We remain bullish on the crude oil sector as we expect the price of Brent (the benchmark for two-thirds of the world’s oil) to trade at an average of $85 a barrel in the second quarter of the year on the back of the imbalance between demand-supply dynamics.

We expect the global oil market balance to turn into a deficit after May when the supply cuts from OPEC and allies will be fully implemented at a time when demand growth for gasoline and jet fuels will start accelerating amid the beginning of the driving season and summer holiday period in U.S., Europe, and Asia (Northern Hemisphere).

Adding to the above, China, the world’s largest crude oil importer and the second-largest consumer just after the USA, is recovering from its strict 3-year-long Covid-led restrictions. The resumption of business, industrial, and tourism activity and the pending-up demand for traveling, could also boost fuel demand.

Another bullish factor for oil prices is the fact that U.S. SPR inventories are at their lowest levels in forty years, with rumours mounting about the need to refill them soon.

Dollar-denominated crude oil prices could also see further support from a weaker dollar and falling bond yields.  A weaker dollar could also boost global demand for oil by making it cheaper for holders of foreign currencies in other countries.

March’s banking crisis and the softening U.S. economic data could force Federal Reserve to slow down its aggressive monetary tightening to save the local economy from a recession, which in turn, will pressure the greenback lower in favour of crude oil prices.

 

Bullish scenario: Brent crude to climb up to or surpass the $100/b key psychological level

Our bullish case scenario assumes Brent oil prices to reach or even break above the $100/b key psychological level during the second quarter on some unexpected supply disruptions events, geopolitical risks, and a better-than-expected demand from China.

A $100/b projection includes a scenario that a hurricane could impact the oil-rich U.S. Gulf Coast ahead of the start of the U.S. hurricane season, which starts in June and until October.

There has been always a risk that a hurricane could halt the operations of the U.S. Gulf Coast refineries as well as cease the drilling on the offshore oil and gas platforms, which produce up to 15% of total U.S. crude output.

Hence, the surprising supply cut from OPEC+ and the ongoing Ukraine war is expected to intensify geopolitical risks by adding a risk premium on oil prices.

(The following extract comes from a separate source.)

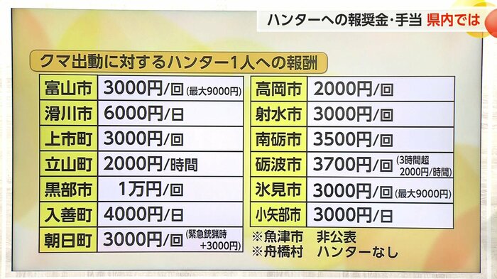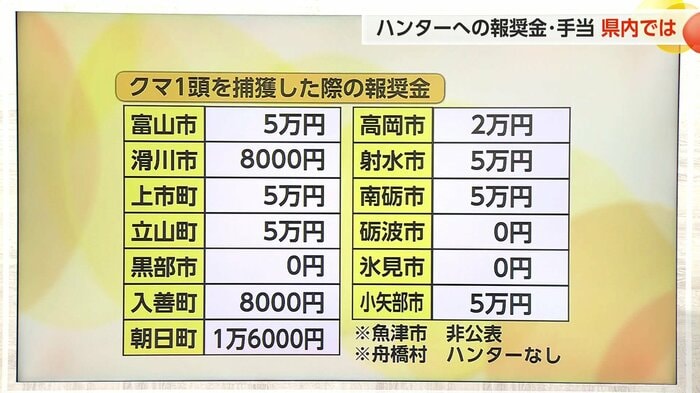 まずはクマを捕獲した際の「報奨金」では、猟友会がない舟橋村と回答を非公開とした魚津市を除く13の自治体のうち、これまで9つの市や町で設けられていて、今回立山町でも新設されました。金額はバラツキがあり、富山市、上市町、立山町、射水市、南砺市、小矢部市では5万円支給されています。

U.S. administration has criticized OPEC+ action given market uncertainty, adding further strain between Western allies-Eurasia ties, which is a bullish event on oil prices given the higher risk for supply disruptions.

Hence, the higher-than-expected recovery growth scenario in China amid successful stimulus measures, and the return to normal mobility without any further Covid outbreaks, could be the leading factors for a surge in China’s oil demand and the push of the price of Brent above the $100/b key level.

 

Bearish scenario: Brent crude to retest $70/b on a weaker fuel demand:

Our bearish scenario assumes Brent oil prices to fall back to Q1’s low of $70/b in case the ongoing aggressive monetary tightening by the central banks to curb inflation, the stronger U.S. dollar and bond yields, the recession fears, or any new collapse in the global banking sector could negatively impact the fuel demand growth despite tight supplies.

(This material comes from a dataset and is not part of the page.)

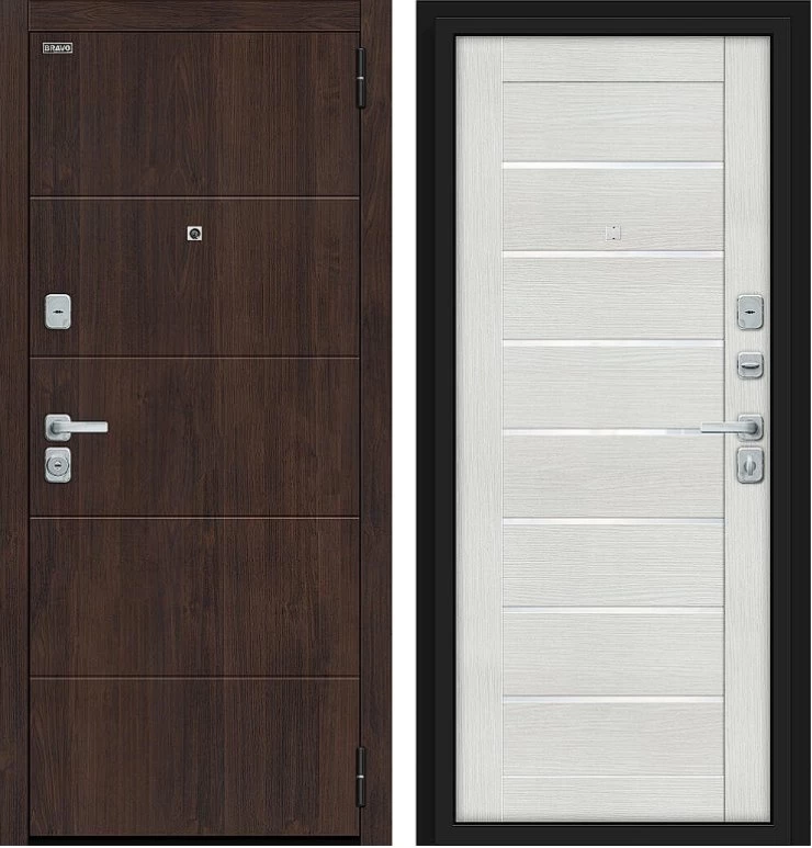 Надежная входная Дверь Браво Прайм/BChrome Almon/Bianco Melinga премиум класса по цене 39 831 руб. Большая толщина стали защитит от проникновения в ваш дом, квартиру или коттедж. Используется очень качественная фурнитура: замки, цилиндры, ручки, защелки. Покрытие и отделка двери изготовлено под внимательным контролем производителя. Дверь имеет долгий срок службы и гарантию.

The surprising oil output cut from OPEC+ will threaten to strengthen inflation at a time when it was starting to reverse lower after the record-high readings in the preview months, forcing central banks to continue maintaining higher rates for longer.

Based on the above inflation-led assumption, our bearish projection is based on the scenario that higher-for-longer interest rates and negative consumer sentiment from the looming economic and banking crisis could deteriorate the global economic and industrial growth that would, in turn, cut demand for crude oil and petroleum products.

A similar case was seen back in 2008 when the financial crisis and the lower demand crashed the oil prices from record-high levels of $140/b to the lows of $30/b in just a few months in that year.

Finally, higher oil prices will bring fresh barrels into global markets, especially from U.S. Shale producers and from offshore Brazil which could inject over 500k bpd by the end of 2023, pushing lower the oil prices.